• _Information shown_:
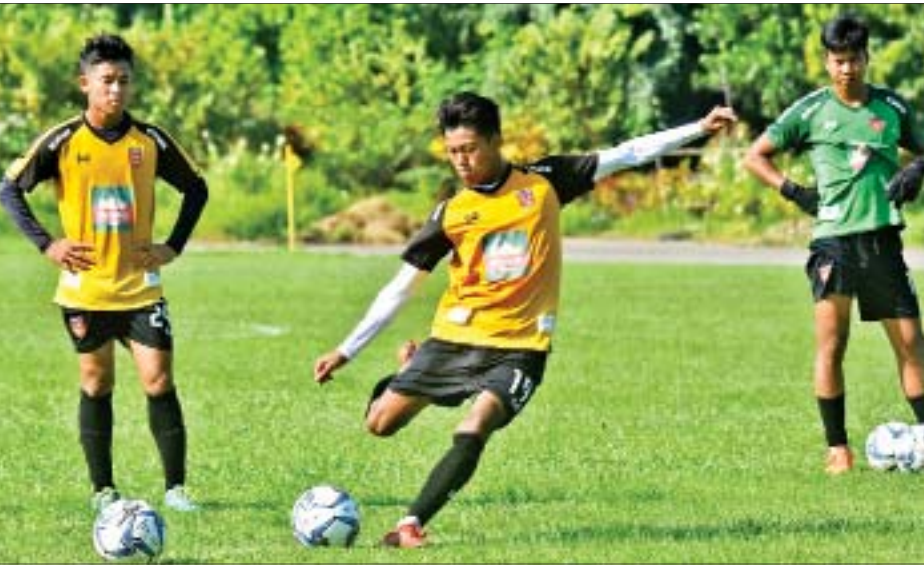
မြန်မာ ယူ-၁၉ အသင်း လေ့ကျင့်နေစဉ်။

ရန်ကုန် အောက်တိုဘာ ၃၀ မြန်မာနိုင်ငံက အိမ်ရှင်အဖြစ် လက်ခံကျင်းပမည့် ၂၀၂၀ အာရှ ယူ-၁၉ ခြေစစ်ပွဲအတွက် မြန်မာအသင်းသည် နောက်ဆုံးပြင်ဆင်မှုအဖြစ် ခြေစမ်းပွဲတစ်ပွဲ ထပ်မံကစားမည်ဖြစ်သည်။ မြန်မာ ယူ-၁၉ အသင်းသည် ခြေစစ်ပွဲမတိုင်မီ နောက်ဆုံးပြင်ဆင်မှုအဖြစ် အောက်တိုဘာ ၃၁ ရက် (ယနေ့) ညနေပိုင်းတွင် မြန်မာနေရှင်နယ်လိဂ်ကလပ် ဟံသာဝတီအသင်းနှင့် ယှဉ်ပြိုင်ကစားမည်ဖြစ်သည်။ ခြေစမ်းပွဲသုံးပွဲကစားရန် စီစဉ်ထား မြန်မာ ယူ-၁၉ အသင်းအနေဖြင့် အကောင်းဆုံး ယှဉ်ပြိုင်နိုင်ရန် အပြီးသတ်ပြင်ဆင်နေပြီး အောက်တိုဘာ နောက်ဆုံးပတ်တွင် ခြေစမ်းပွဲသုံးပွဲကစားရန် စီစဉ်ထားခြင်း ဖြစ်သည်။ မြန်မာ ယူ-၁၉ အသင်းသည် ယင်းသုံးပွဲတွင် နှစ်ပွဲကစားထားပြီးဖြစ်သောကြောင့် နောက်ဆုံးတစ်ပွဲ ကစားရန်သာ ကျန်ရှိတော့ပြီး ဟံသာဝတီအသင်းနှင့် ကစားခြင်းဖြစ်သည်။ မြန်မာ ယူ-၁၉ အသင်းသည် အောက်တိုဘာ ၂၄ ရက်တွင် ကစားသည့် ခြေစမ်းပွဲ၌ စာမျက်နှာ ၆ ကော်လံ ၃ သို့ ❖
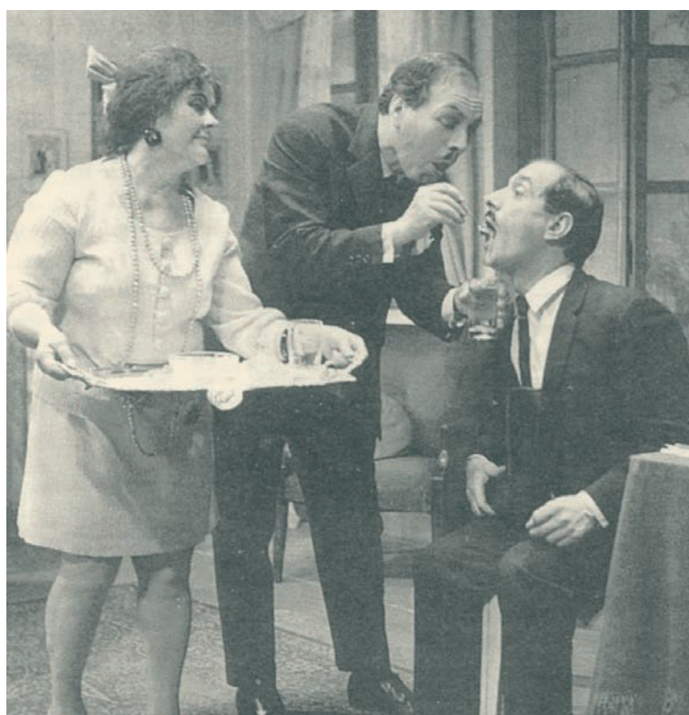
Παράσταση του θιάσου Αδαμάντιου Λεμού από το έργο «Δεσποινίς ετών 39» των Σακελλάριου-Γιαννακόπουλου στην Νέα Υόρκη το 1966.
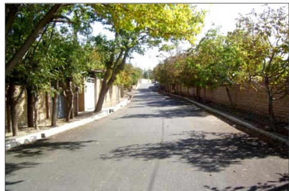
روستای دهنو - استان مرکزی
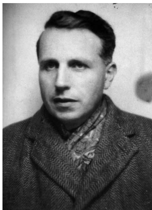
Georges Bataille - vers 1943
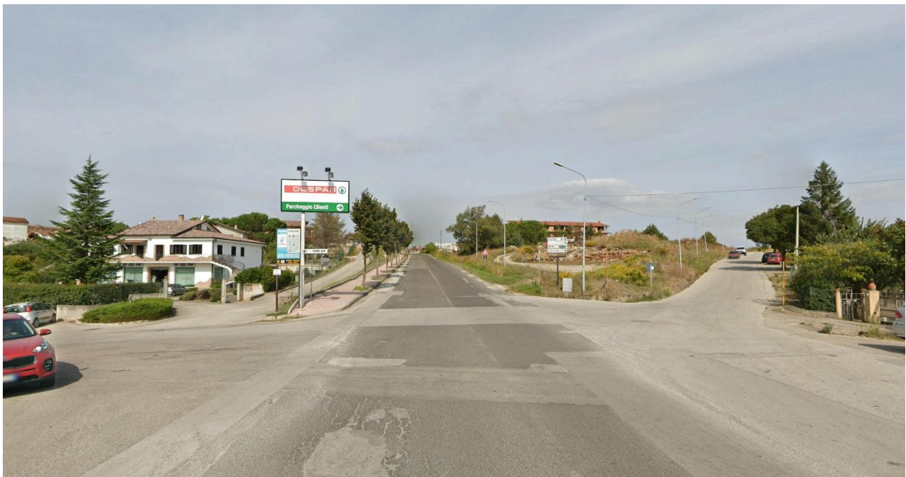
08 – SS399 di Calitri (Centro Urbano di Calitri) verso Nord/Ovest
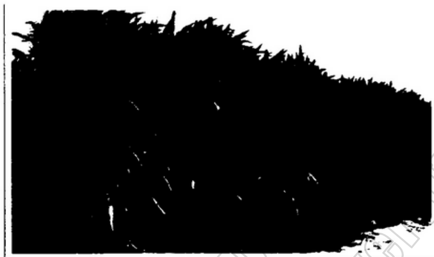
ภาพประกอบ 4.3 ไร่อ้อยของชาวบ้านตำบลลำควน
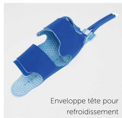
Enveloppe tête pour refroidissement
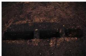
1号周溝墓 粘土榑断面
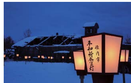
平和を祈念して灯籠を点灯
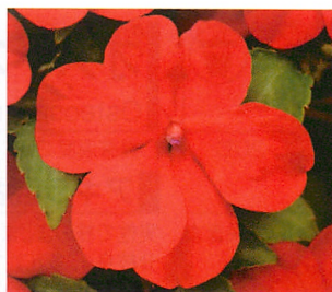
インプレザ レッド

==

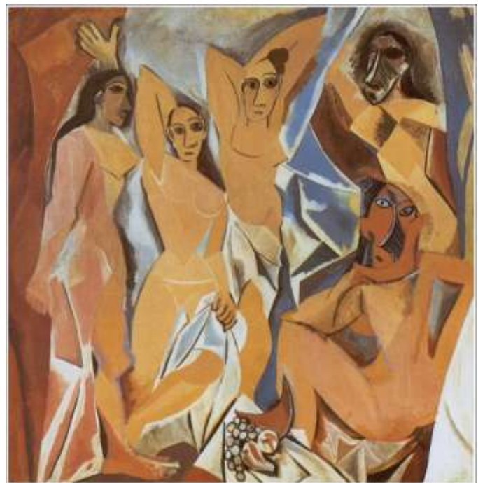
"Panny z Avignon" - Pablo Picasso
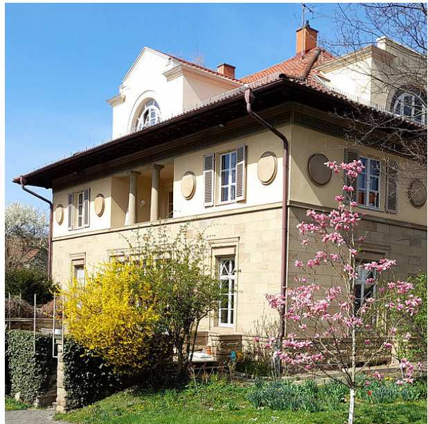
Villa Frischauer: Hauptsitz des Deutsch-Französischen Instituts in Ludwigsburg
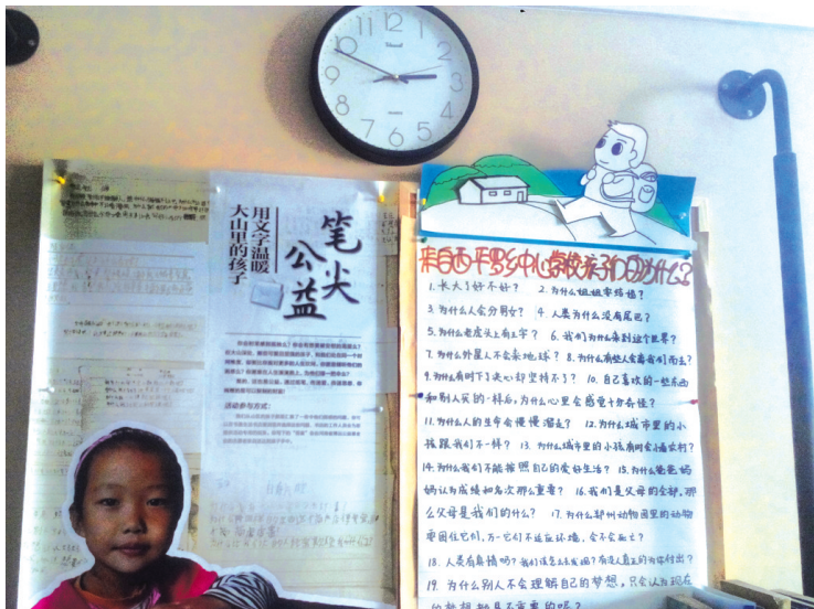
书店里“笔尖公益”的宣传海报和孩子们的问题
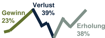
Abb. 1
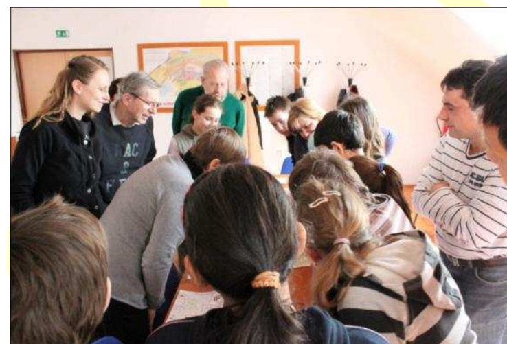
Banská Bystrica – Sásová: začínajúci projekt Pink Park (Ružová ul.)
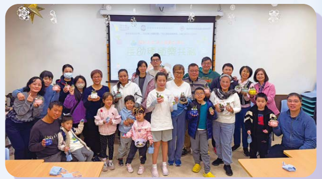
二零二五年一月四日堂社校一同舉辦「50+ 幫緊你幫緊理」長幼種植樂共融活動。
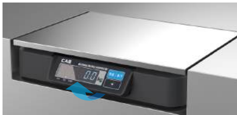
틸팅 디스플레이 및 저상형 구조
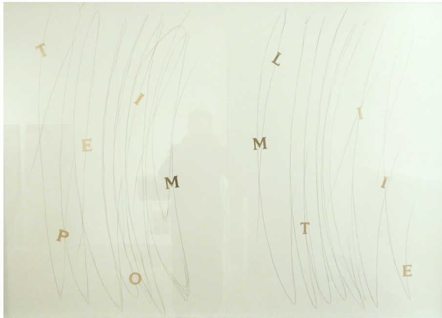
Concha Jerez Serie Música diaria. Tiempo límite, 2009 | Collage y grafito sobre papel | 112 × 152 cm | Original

==

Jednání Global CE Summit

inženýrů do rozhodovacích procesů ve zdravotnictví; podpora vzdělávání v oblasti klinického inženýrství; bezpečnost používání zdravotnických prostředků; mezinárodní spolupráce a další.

• _Work instructions_:
Above are some entries. Restate word for word the lines from the one holding "- Pablo Picasso" through the one holding "Concha Jerez Serie", but not the pictures.

• _Answer to the problem_:
"Panny z Avignon" - Pablo Picasso
Villa Frischauer: Hauptsitz des Deutsch-Französischen Instituts in Ludwigsburg
书店里“笔尖公益”的宣传海报和孩子们的问题
Abb. 1
Banská Bystrica – Sásová: začínajúci projekt Pink Park (Ružová ul.)
二零二五年一月四日堂社校一同舉辦「50+ 幫緊你幫緊理」長幼種植樂共融活動。
틸팅 디스플레이 및 저상형 구조
Concha Jerez Serie Música diaria. Tiempo límite, 2009 | Collage y grafito sobre papel | 112 × 152 cm | Original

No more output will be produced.